Фрэнсис Брет Гарт

НАБЛЮДЕНИЯ ПЕШЕХОДА

Время, которое я трачу на дорогу до службы и обратно, всегда доставляло мне своеобразное духовное наслаждение, не доступное мне ни в какое иное время суток. Быть может, моцион способствует веселой игре воображения; но скорее всего дело тут в приятном сознании, что в эти минуты я свободен от каких бы то ни было серьезных занятий. Я пробовал как-то по примеру перипатетиков использовать это время для упражнений в арифметике — весьма полезной науке, в которой я всегда с прискорбием сознавал и сознаю свою отсталость, — но из арифметических выкладок на ходу ничего путного не вышло, и я отказался от этой мысли. Я убежден, что человечество лишает себя многих радостей из-за беспокойного стремления употребить с пользой минуты досуга, которые, к несчастью, подобно «лучезарным часам» доктора Уотса, таят в себе неисчерпаемые возможности праздничных развлечений. Мне от души жаль тех безумцев, которые даже в автомобилях, в омнибусах и на речных переправах не расстаются с учебниками и отказывают себе в столь необходимом отдыхе. Природа требует, чтобы истощенная земля оставалась на какое-то время под паром и не засевалась злаками, но покрывалась цветами. Попробуйте отказать ей в таком отдыхе, и это отразится на следующем же урожае. Надеюсь, после предложенной мной аксиомы читатель извинит меня, что я позволю себе злоупотребить его вниманием и поделиться несколькими наблюдениями, сделанными во время прогулок.
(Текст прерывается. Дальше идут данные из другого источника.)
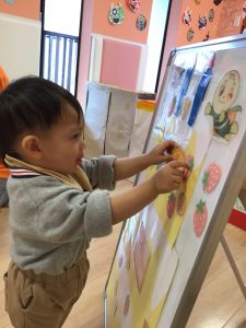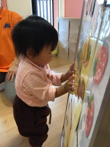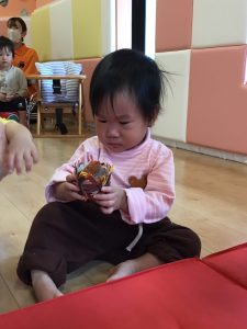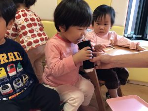 変身した食べ物をもらうと、嬉しそうに食べる真似をしたり、触ったりする子どもたち💓

Мало кто из жителей Калифорнии умеет ходить не торопясь и с достоинством. Деловая привычка и общепринятый стиль, распространяющийся даже на людей, не обремененных никакими делами, сообщают каждому пешеходу беспокойную озабоченность. Лица, составляющие исключение из общего правила, впадают в другую крайность: они так подчеркнуто и нарочито прикидываются бездельниками, что это в такой же мере изобличает внутреннюю тревогу и беспокойство. Вы всегда отличите лениво плетущегося игрока от прогуливающегося джентльмена. Даже биржевых маклеров, которые толкутся в полдень на Монтгомери-стрит, вы ни за что не примете за праздных гуляк. Вглядитесь в них пристальнее, и под маской равнодушия вы увидите настороженность и озабоченность. Они не просто отдыхают. Они замерли в ожидании. Мне кажется, ничто так не характерно для нашей своеобразной цивилизации во всех ее проявлениях, как это полное отсутствие покоя. Калифорнийцы не могут оставаться спокойными даже тогда, когда они развлекаются. Если они идут в мюзик-холл, в оперу или на лекцию, они непременно спешат; возвращаются домой — опять спешат; стараясь сэкономить время, они предпочитают ездить на трамвае вместо того, чтобы ходить пешком. Сравните темп уличного движения на Бродвее в Нью-Йорке и на Монтгомери-стрит в Сан-Франциско, и вы поймете разницу между восточной и западной цивилизацией.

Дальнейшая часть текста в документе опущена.